为了明确高速燃油离心泵在汽液比变化下流场的非定常特性,以设计流量和小流量工况为例进行内流场数值模拟,重点分析叶轮流道内的非定常流动特点及压力脉动时频特性.给出汽液比与进口压力的映射关系以确定仿真边界,并对网格模型、仿真步长进行相关性检验.将仿真与试验结果对比,以验证仿真方法的有效性.随后,基于压力等值线和湍动能等分布结果分析其非定常流动特点,并利用快速Fourier变换对叶轮进口、出口的压力脉动进行时频特性转换.研究结果表明,在燃油饱和状态条件下,叶轮流道内的流动相对稳定,压力幅值主频为转频.随着汽液比的增加,叶轮进口产生了低压区且面积明显扩大,叶轮出口出现了不同程度的尾迹流,相同区域内的湍动能耗散率同样表现最为强烈.另一方面,随着汽液比的增加,叶轮进口压力逐渐降低,在设计流量下,微小的压力幅值主频为转频,而小流量下出现了其他倍频.同时,叶轮出口的尾迹流并未严重影响各监测点的压力幅值主频,此处压力幅值主频仍为转频.

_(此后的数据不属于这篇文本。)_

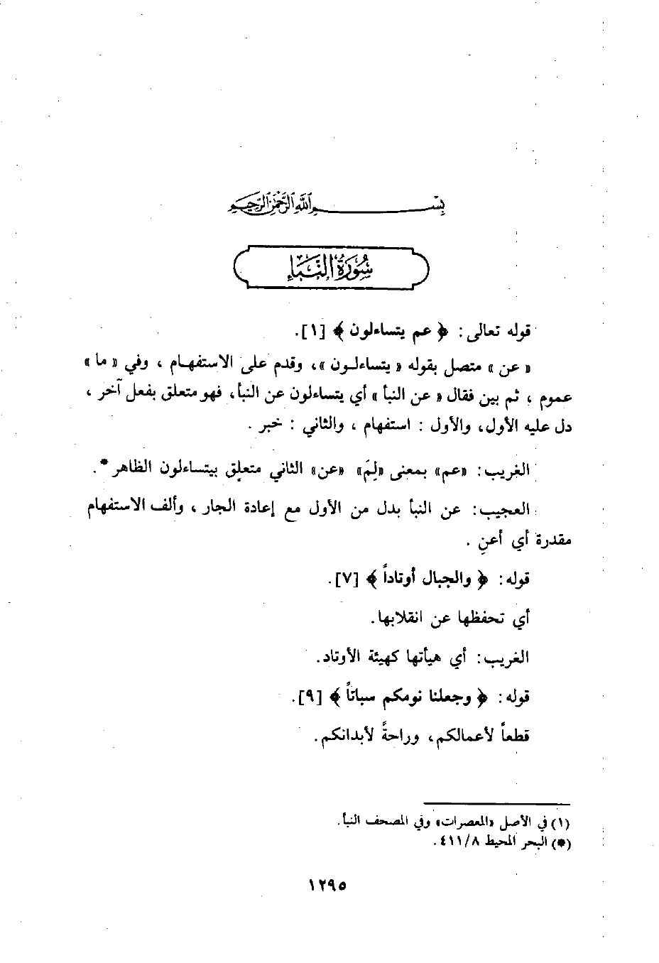 الغريب: "عم " بمعنى "لِمَ" "عن" الثاني متعلق بيتساءلون الظاهر..

关键词: 高速燃油离心泵, 汽液比, 非定常, 压力脉动, 数值仿真

Abstract:

To clarify the transient flow characteristics of a high-speed aero-fuel centrifugal pump in variable gas-liquid ratio conditions, numerical simulations for the internal flow field in design flow rate and small flow rate conditions are conducted, focusing on the transient flow characteristics and time-frequency performance of pressure pulsation in the impeller channel. The conversion relationship between gas-liquid ratio and inlet pressure is given to determine the inlet simulation boundary, and then the grid model and length of time step are checked for relevant test. The prediction results between simulations and test are given to verify the effectiveness of the adopted simulation method. Then, the transient characteristics are analyzed through the results of pressure contour and turbulent kinetic energy, and the time-frequency performances of pressure pulsations at impeller inlet and outlet are conducted by fast Fourier transform(FFT). The results show that the flow in the impeller channel is relatively stable under the fuel saturation condition, and the main frequency of pressure amplitude is rotation frequency. With the increase of gas-liquid ratio, the impeller inlet produces a low-pressure zone whose area is significantly enlarged. Besides, a certain wake flow zone is generated at impeller outlet, where the turbulent energy dissipation rate is also demonstrated to be the strongest at these zones. Moreover, the inlet pressure is generally decreased with the increase of gas-liquid ratio, and the main frequency at the design flow rate is rotation frequency, but other frequency multiplication appears at the small flow rate. Meanwhile, the wake flow at the impeller outlet does not seriously affect the main frequencies at the monitoring points, where the main frequency is still rotation frequency.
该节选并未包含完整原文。